**AIM OF THE TASK:** Everything from the line with "Накануне мальчик вместе" to the end of the entries should be set down exactly, except the pictures.

**DATA SHOWN:**

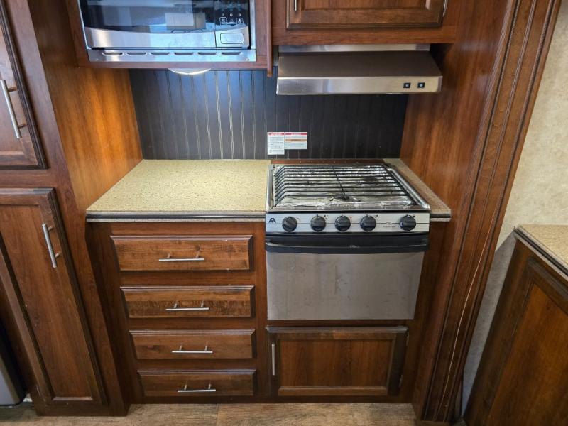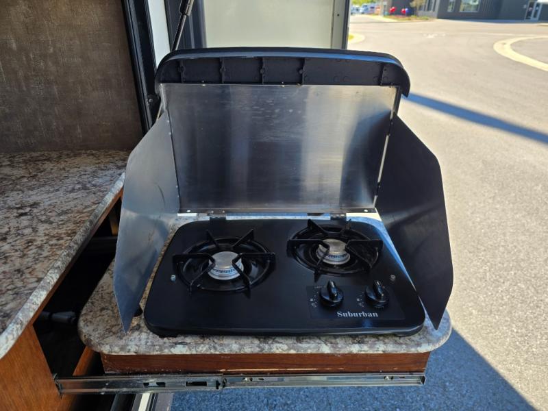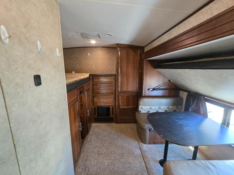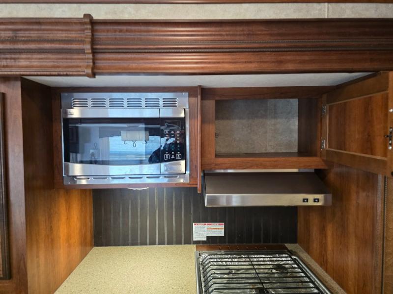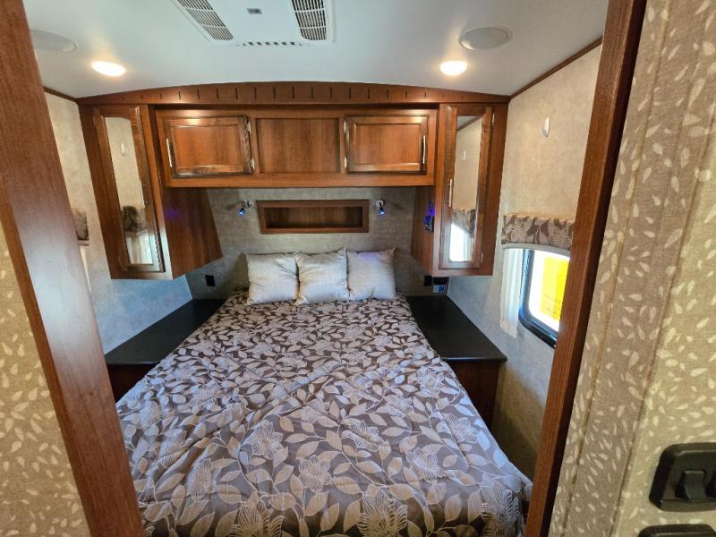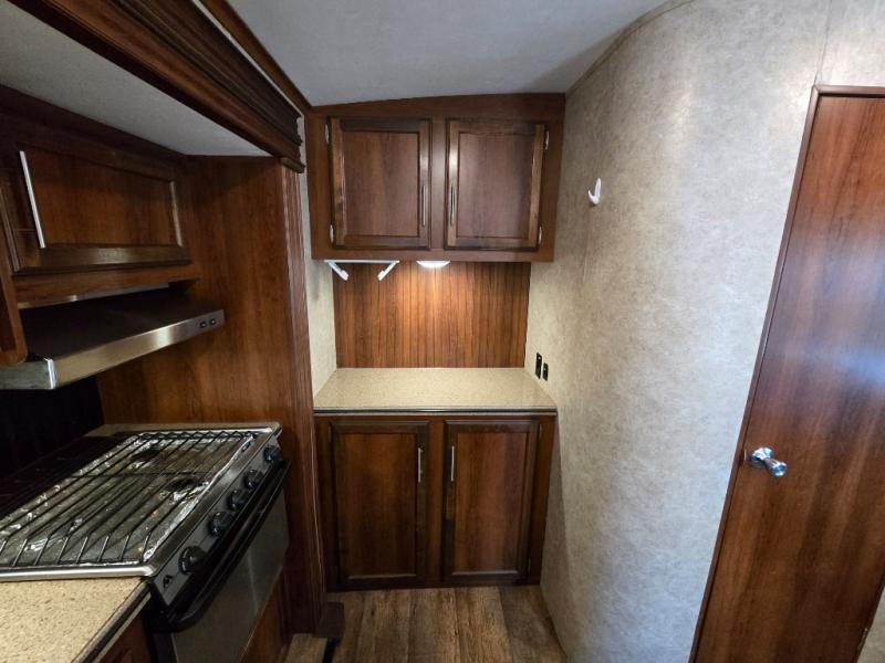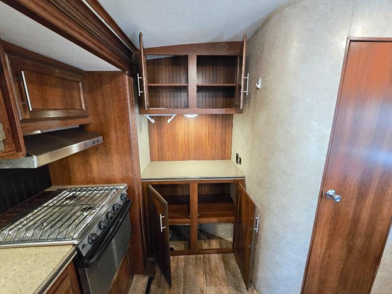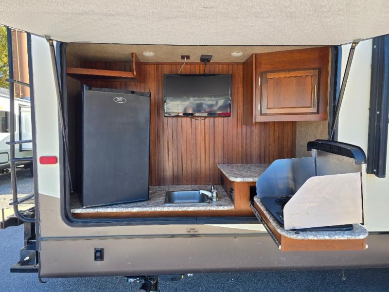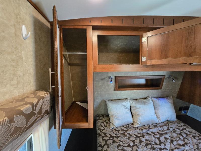 There are plenty of overhead cabinets throughout the travel trailer as well as outside storage. You can even enjoy the outside kitchen which has a refrigerator, sink, and two burner cooktop.
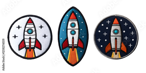 Rocket Embroidered Patch Badge on White, Fun Space Travel Patch Designs, PNG Transparent
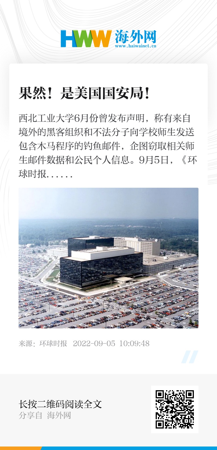 西北工业大学6月份曾发布声明,称有来自境外的黑客组织和不法分子向学校师生发送包含木马程序的钓鱼邮件,企图窃取相关师生邮件数据和公民个人信息。9月5日,《环球时报》从相关部门获悉,“西北工业大学遭受境外网络攻击”的“真凶”是美国国家安全局(NSA)特定入侵行动办公室(TAO)。在各部门的通力协作下,此次行动全面还原了数年间美国NSA利用网络武器发起的一系列攻击行为,打破了一直以来美国对我国的“单向透明”优势。
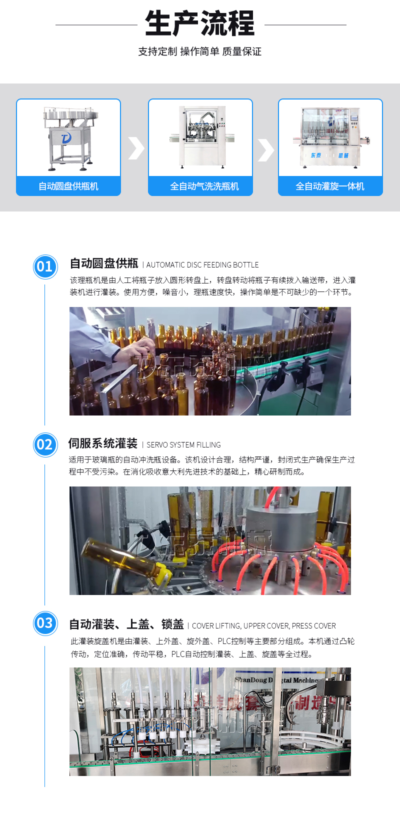 本灌裝流水線設(shè)備具有穩(wěn)定可靠、自動化水平高,相比同類產(chǎn)品有著更長的使用年限,維護簡單,整線中各設(shè)備的協(xié)調(diào)性、連貫性強,整線設(shè)計合理等特點。灌裝設(shè)備采用獨家專利系統(tǒng)結(jié)構(gòu),為當(dāng)今行業(yè)內(nèi)水平,整線滿足量產(chǎn)化、集成化生產(chǎn)的需要。
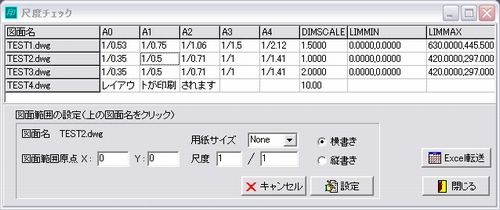 メインウインドウ上のをクリックすると、自動的にAutoCADが起動し、選択されているデータの図面範囲、Dimscaleを取得しA1〜A4の各サイズに印刷した場合の尺度を表示します。
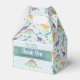 This cute and whimsical blue boys baby shower favour box features a dinosaur cartoon pattern, with a t-rex, stegosaurus and jurassic jungle plants, and can be personalised with the parent's names and a short thank you message. The perfect dinosaur themed personalised favour box for your co-ed couples boys baby shower.
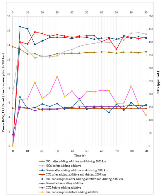 Podskalan (2023) [45] conducted comparable research using the same VIF additive in a Škoda 100. He concluded that NOX emissions were reduced by 11.71%, and fuel consumption decreased by 5.44% after the additive was applied. Similarly,
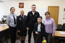 Накануне мальчик вместе с мамой посетил Южно-Уральское линейное управление МВД России на транспорте.
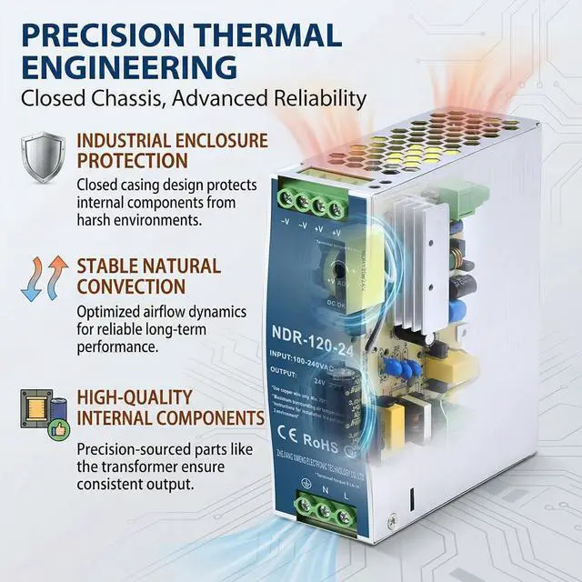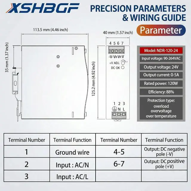 24VDC Power Supply NDR 120W DIN Rail Power Supply Switch Switching Converter DC (Input 100-240VAC Output 24VDC 50/60HZ 24V 5A)
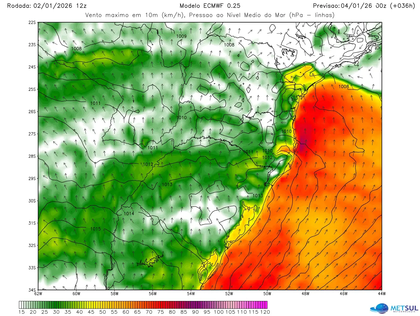 No Litoral Norte, as rajadas devem ficar em média entre 60 km/h e 70 km/h, mas podem ser superiores em alguns pontos. No Litoral Sul gaúcho, o vento pode ser mais forte com rajadas de 70 km/h a 80 km/h, porém isoladamente superiores.

**SOLUTION TO THIS PROBLEM:**
 Накануне мальчик вместе с мамой посетил Южно-Уральское линейное управление МВД России на транспорте.
 24VDC Power Supply NDR 120W DIN Rail Power Supply Switch Switching Converter DC (Input 100-240VAC Output 24VDC 50/60HZ 24V 5A)
 No Litoral Norte, as rajadas devem ficar em média entre 60 km/h e 70 km/h, mas podem ser superiores em alguns pontos. No Litoral Sul gaúcho, o vento pode ser mais forte com rajadas de 70 km/h a 80 km/h, porém isoladamente superiores.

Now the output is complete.